D' _ij ＝(1-λ)×D _ij +λ×w _ij (5)

wherein w is _ij Is a time weight factor, alpha is a gain factor, and the constant value is 0.1, delta t= |t _i -t _j The I is the time distance between two matching points, and beta is generally the middle node of the time sequence;

the non-equal-length time sequence specifically comprises the following steps: combining the climate information of the crops to be classified, performing similarity matching with the time sequence NDVI data of the land block units in the same period by utilizing the standard NDVI time sequence data of each type of crop growing period according to the growing period lengths of different crops, and performing normalization processing on the similarity matching distance according to the growing period lengths of different crops to obtain the minimum accumulated distance characteristic of crop similarity matching;

the fuzzy set classification rule specifically comprises the following steps: construction of a Classification feature variable x _i Is a gaussian membership function f (x _i )∈{f(x ₁ )，f(x ₂ )，…，f(x _n ) Setting the probability rule of the target land block object belonging to a certain crop as P _i ＝max{f(x _i ) And (3) comparing the probability of each crop to obtain the classification result of the land parcels.

2. The time-series remote sensing image crop classification method combining the TWDTW algorithm and the fuzzy set according to claim 1, wherein the preprocessing comprises performing radiation calibration, atmospheric correction, orthographic correction, image fusion, geographic registration and image cropping on the remote sensing image data.

3. The method for classifying the time-series remote sensing image crops by combining the TWDTW algorithm and the fuzzy set according to claim 1 is characterized in that the step S4 is specifically that the characteristic value is extracted from the NDVI time-series data by using crop sample data, and the standard NDVI time-series data of each crop is obtained by averaging; and taking the land parcels as basic analysis units, solving an average value of the NDVI of all pixels in the land parcels by an average value filtering method, and assigning the average value to land parcels to obtain an NDVI time sequence data set of the land parcels.

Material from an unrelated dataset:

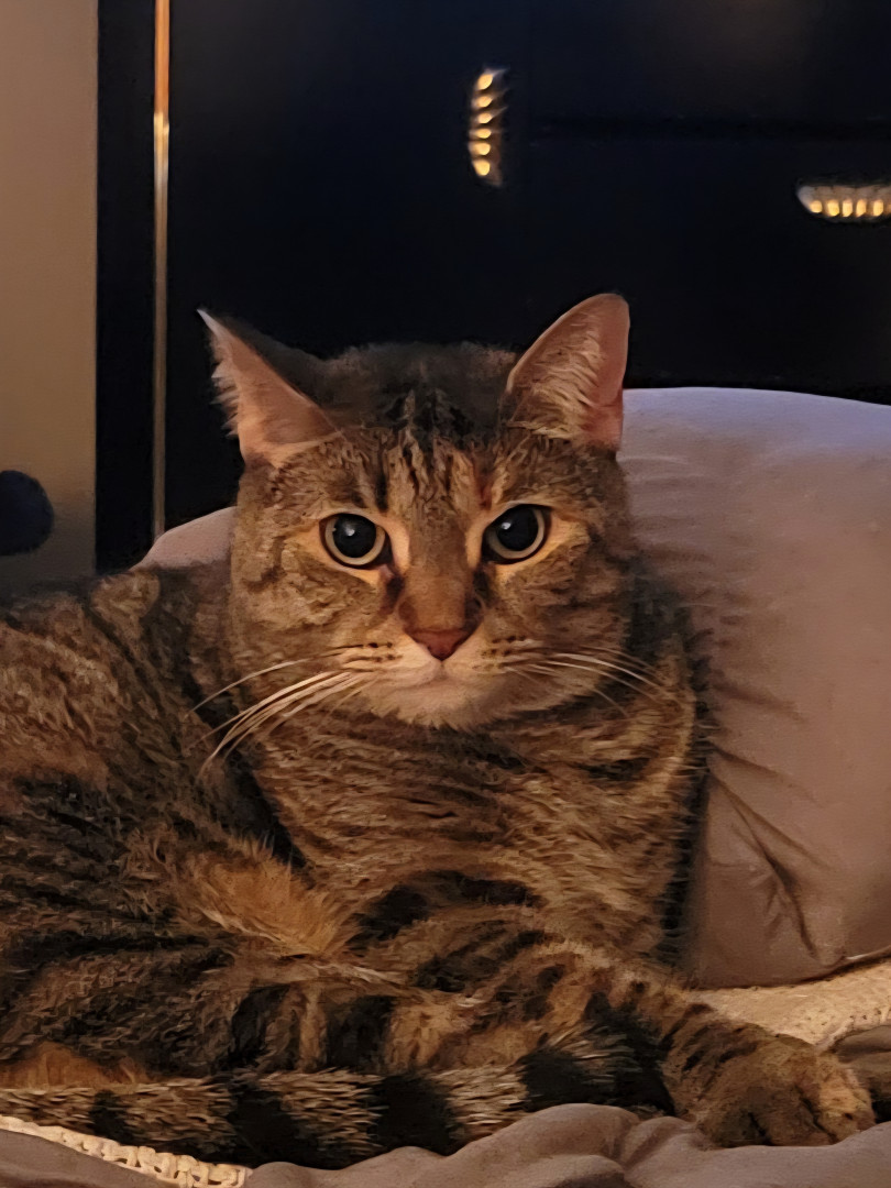 Symphony is a lovely cat who enjoys playing fetch, listening to music, and relaxing with me.

4. The time-series remote sensing image crop classification method combining TWDTW algorithm and fuzzy set according to claim 1, wherein the crop growth season length feature calculation method is specifically as follows:

taking the time corresponding to the increase of the crop NDVI from the minimum value to 20% amplitude as a growth starting point, and starting photosynthesis when the crop is in the turning green or seedling stage;

the time corresponding to the reduction of the crop NDVI from the maximum value to 20% amplitude is the growth termination point, and at the moment, the crop is in the senescence or harvest period, and photosynthesis is slowed down or stopped;

the time length from the starting point to the ending point is the length of the growing season of the crops;

and (3) calculating and obtaining the crop growth season length characteristics based on the time sequence NDVI data of the land block units in the step S4.

5. The time-series remote sensing image crop classification method combining TWDTW algorithm and fuzzy set according to claim 2, wherein the Gaussian membership function expression is as follows:

wherein x is _i Is a classification characteristic variable, and mu and sigma are respectively the mean value and standard deviation of two unknown parameters of a Gaussian function.